On Mon, Feb 16, 2015 at 4:21 PM, Todd Palino <tp...@gmail.com> wrote:

> The reason for this is the mechanic by which each of the lags are
> calculated. MaxLag (and the FetcherLagMetric) are calculated by the
> consumer itself using the difference between the offset it knows it is at,
> and the offset that the broker has as the end of the partition. The offset
> checker, however, uses the last offset that the consumer committed.
> Depending on your configuration, this is somewhere behind where the
> consumer actually is. For example, if your commit interval is set to 10
> minutes, the number used by the offset checker can be up to 10 minutes
> behind where it actually is.
>
> So while MaxLag may be more up to date at any given time, it's actually
> less accurate. Because MaxLag relies on the consumer to report it, if the
> consumer breaks, you will not see an accurate lag number. This is why when
> we are checking consumer lag, we use an external process that uses the
> committed consumer offsets. This allows us to catch a broken consumer, as
> well as an active consumer that is just falling behind.
>
> -Todd
>
>
> On Fri, Feb 13, 2015 at 9:34 PM, tao xiao <xi...@gmail.com> wrote:
>
> > Thanks Joel. But I discover that both MaxLag and FetcherLagMetrics are
> > always
> > much smaller than the lag shown in offset checker. any reason?
> >
> > On Sat, Feb 14, 2015 at 7:22 AM, Joel Koshy <jj...@gmail.com> wrote:
> >
> > > There are FetcherLagMetrics that you can take a look at. However, it
> > > is probably easiest to just monitor MaxLag as that reports the maximum
> > > of all the lag metrics.
> > >
> > > On Fri, Feb 13, 2015 at 05:03:28PM +0800, tao xiao wrote:
> > > > Hi team,
> > > >
> > > > Is there a metric that shows the consumer lag of a particular
> consumer
> > > > group? similar to what offset checker provides
> > > >
> > > > --
> > > > Regards,
> > > > Tao
> > >
> > >
> >
> >
> > --
> > Regards,
> > Tao
> >
>



-- 
Regards,
Tao

Re: consumer lag metric

Posted by Todd Palino <tp...@gmail.com>.
The reason for this is the mechanic by which each of the lags are
calculated.
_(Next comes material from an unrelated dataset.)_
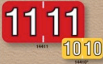
Colwell® compatible series 3/4"H x 1-1/2"W • 500 / Roll

MaxLag (and the FetcherLagMetric) are calculated by the
consumer itself using the difference between the offset it knows it is at,
and the offset that the broker has as the end of the partition. The offset
checker, however, uses the last offset that the consumer committed.
Depending on your configuration, this is somewhere behind where the
consumer actually is. For example, if your commit interval is set to 10
minutes, the number used by the offset checker can be up to 10 minutes
behind where it actually is.

So while MaxLag may be more up to date at any given time, it's actually
less accurate. Because MaxLag relies on the consumer to report it, if the
consumer breaks, you will not see an accurate lag number. This is why when
we are checking consumer lag, we use an external process that uses the
committed consumer offsets. This allows us to catch a broken consumer, as
well as an active consumer that is just falling behind.

-Todd


On Fri, Feb 13, 2015 at 9:34 PM, tao xiao <xi...@gmail.com> wrote:

> Thanks Joel. But I discover that both MaxLag and FetcherLagMetrics are
> always
> much smaller than the lag shown in offset checker. any reason?
>
> On Sat, Feb 14, 2015 at 7:22 AM, Joel Koshy <jj...@gmail.com> wrote:
>
> > There are FetcherLagMetrics that you can take a look at. However, it
> > is probably easiest to just monitor MaxLag as that reports the maximum
> > of all the lag metrics.
> >
> > On Fri, Feb 13, 2015 at 05:03:28PM +0800, tao xiao wrote:
> > > Hi team,
> > >
> > > Is there a metric that shows the consumer lag of a particular consumer
> > > group? similar to what offset checker provides
> > >
> > > --
> > > Regards,
> > > Tao
> >
> >
>
>
> --
> Regards,
> Tao
>

Re: consumer lag metric

Posted by tao xiao <xi...@gmail.com>.
Thanks Joel. But I discover that both MaxLag and FetcherLagMetrics are always
much smaller than the lag shown in offset checker. any reason?

On Sat, Feb 14, 2015 at 7:22 AM, Joel Koshy <jj...@gmail.com> wrote:

> There are FetcherLagMetrics that you can take a look at. However, it
> is probably easiest to just monitor MaxLag as that reports the maximum
> of all the lag metrics.
>
> On Fri, Feb 13, 2015 at 05:03:28PM +0800, tao xiao wrote:
> > Hi team,
> >
> > Is there a metric that shows the consumer lag of a particular consumer
> > group? similar to what offset checker provides
> >
> > --
> > Regards,
> > Tao
>
>


-- 
Regards,
Tao

Re: consumer lag metric

Posted by Joel Koshy <jj...@gmail.com>.
There are FetcherLagMetrics that you can take a look at. However, it
is probably easiest to just monitor MaxLag as that reports the maximum
of all the lag metrics.

On Fri, Feb 13, 2015 at 05:03:28PM +0800, tao xiao wrote:
> Hi team,
> 
> Is there a metric that shows the consumer lag of a particular consumer
> group? similar to what offset checker provides
> 
> -- 
> Regards,
> Tao